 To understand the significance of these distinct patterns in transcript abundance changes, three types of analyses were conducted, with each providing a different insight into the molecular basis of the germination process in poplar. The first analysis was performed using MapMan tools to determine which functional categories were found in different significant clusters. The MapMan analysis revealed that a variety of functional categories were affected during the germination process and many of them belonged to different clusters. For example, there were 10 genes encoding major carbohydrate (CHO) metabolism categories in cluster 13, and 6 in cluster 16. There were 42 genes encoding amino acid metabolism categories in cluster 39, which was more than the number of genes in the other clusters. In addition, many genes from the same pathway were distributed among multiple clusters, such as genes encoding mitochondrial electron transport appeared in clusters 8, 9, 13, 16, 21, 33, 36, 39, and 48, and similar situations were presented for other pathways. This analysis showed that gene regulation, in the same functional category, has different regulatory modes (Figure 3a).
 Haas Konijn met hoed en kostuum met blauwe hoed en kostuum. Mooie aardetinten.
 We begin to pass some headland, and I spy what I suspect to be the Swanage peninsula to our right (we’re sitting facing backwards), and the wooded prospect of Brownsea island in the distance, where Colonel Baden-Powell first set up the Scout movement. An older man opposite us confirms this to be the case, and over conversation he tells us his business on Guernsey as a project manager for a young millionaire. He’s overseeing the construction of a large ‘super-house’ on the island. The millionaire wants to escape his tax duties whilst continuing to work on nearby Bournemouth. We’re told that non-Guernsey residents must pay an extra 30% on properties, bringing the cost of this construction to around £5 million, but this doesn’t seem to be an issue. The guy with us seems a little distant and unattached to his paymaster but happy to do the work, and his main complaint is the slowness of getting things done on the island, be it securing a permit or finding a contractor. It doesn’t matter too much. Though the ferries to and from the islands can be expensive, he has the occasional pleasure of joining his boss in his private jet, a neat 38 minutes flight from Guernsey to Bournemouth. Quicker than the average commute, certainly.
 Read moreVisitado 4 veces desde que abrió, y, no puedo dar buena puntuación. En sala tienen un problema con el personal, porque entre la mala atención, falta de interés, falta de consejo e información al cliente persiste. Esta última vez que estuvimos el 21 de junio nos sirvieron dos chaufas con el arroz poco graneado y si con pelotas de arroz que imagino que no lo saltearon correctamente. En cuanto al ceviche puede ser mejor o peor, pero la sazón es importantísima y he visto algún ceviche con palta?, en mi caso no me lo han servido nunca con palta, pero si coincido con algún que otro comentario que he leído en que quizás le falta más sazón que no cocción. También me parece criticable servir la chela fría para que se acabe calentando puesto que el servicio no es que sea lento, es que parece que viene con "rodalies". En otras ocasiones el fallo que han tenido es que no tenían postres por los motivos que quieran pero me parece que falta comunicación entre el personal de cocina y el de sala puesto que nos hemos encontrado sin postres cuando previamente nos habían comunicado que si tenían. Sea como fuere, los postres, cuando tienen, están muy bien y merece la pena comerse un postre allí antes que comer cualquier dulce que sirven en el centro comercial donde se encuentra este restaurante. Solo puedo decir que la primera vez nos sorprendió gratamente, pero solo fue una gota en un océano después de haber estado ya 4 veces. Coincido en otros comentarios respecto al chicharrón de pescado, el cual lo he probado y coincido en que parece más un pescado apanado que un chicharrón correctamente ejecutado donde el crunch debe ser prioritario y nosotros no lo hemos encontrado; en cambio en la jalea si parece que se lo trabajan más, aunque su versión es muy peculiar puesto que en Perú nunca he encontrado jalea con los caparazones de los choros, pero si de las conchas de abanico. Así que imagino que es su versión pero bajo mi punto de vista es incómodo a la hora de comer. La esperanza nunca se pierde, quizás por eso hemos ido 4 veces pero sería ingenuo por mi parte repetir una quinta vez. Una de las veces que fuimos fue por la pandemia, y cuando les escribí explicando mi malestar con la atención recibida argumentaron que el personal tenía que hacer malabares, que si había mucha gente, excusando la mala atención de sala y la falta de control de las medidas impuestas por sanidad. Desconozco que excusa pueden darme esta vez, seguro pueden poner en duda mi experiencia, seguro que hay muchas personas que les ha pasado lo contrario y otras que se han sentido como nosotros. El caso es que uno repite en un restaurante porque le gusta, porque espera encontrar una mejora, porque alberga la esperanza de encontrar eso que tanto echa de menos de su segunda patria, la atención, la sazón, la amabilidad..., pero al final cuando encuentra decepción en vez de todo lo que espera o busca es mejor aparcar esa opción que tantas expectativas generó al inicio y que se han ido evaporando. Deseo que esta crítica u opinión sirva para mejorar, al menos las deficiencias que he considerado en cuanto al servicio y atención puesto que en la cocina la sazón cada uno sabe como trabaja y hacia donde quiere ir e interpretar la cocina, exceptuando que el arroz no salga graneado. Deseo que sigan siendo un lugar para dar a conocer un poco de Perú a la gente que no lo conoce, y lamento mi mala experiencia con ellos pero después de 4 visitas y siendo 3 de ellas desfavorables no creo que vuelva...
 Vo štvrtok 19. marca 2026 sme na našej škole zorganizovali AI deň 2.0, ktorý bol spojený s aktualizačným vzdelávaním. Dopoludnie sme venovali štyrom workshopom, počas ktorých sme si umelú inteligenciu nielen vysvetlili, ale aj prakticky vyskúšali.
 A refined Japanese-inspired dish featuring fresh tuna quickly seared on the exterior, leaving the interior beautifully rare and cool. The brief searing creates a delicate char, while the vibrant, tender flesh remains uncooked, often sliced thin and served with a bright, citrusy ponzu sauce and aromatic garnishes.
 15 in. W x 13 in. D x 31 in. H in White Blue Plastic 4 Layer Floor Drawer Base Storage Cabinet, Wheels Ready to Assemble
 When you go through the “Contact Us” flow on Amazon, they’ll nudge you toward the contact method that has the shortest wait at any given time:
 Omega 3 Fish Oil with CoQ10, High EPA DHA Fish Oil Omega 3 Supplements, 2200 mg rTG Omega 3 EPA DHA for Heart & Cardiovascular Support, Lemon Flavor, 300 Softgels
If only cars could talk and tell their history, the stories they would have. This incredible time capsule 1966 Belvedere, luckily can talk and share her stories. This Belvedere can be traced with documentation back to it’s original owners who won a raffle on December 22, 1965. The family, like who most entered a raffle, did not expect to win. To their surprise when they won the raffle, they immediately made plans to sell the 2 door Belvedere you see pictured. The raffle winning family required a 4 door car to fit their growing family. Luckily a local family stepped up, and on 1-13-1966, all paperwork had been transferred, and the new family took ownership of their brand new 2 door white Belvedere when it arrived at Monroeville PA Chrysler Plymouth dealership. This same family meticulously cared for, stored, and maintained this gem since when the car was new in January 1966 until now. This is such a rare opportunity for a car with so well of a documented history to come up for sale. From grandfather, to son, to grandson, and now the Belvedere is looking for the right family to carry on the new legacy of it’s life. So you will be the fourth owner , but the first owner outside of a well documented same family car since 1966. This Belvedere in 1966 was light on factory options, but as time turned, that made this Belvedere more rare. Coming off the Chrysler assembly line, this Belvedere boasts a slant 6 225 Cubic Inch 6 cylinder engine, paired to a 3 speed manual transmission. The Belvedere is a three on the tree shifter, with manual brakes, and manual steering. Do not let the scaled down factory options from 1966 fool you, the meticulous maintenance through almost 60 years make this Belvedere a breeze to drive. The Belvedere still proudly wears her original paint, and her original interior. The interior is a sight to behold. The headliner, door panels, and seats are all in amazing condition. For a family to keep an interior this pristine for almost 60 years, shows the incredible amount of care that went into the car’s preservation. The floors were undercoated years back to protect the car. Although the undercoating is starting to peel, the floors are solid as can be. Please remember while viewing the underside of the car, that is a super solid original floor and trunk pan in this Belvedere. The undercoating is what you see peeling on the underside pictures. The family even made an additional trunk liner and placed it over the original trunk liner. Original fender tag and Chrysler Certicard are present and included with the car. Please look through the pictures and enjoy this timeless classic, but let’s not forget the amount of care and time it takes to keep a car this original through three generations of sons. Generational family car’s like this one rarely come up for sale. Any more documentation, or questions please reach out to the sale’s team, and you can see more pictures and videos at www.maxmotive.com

○ ○ ○ ○ ○ ○ ○

### Activity
All lines above from the one with "Haas Konijn met" to the one with "We begin to", inclusive, should be copied exactly, and no other lines.

### Written solution
 Haas Konijn met hoed en kostuum met blauwe hoed en kostuum. Mooie aardetinten.
 We begin to pass some headland, and I spy what I suspect to be the Swanage peninsula to our right (we’re sitting facing backwards), and the wooded prospect of Brownsea island in the distance, where Colonel Baden-Powell first set up the Scout movement. An older man opposite us confirms this to be the case, and over conversation he tells us his business on Guernsey as a project manager for a young millionaire. He’s overseeing the construction of a large ‘super-house’ on the island. The millionaire wants to escape his tax duties whilst continuing to work on nearby Bournemouth. We’re told that non-Guernsey residents must pay an extra 30% on properties, bringing the cost of this construction to around £5 million, but this doesn’t seem to be an issue. The guy with us seems a little distant and unattached to his paymaster but happy to do the work, and his main complaint is the slowness of getting things done on the island, be it securing a permit or finding a contractor. It doesn’t matter too much. Though the ferries to and from the islands can be expensive, he has the occasional pleasure of joining his boss in his private jet, a neat 38 minutes flight from Guernsey to Bournemouth. Quicker than the average commute, certainly.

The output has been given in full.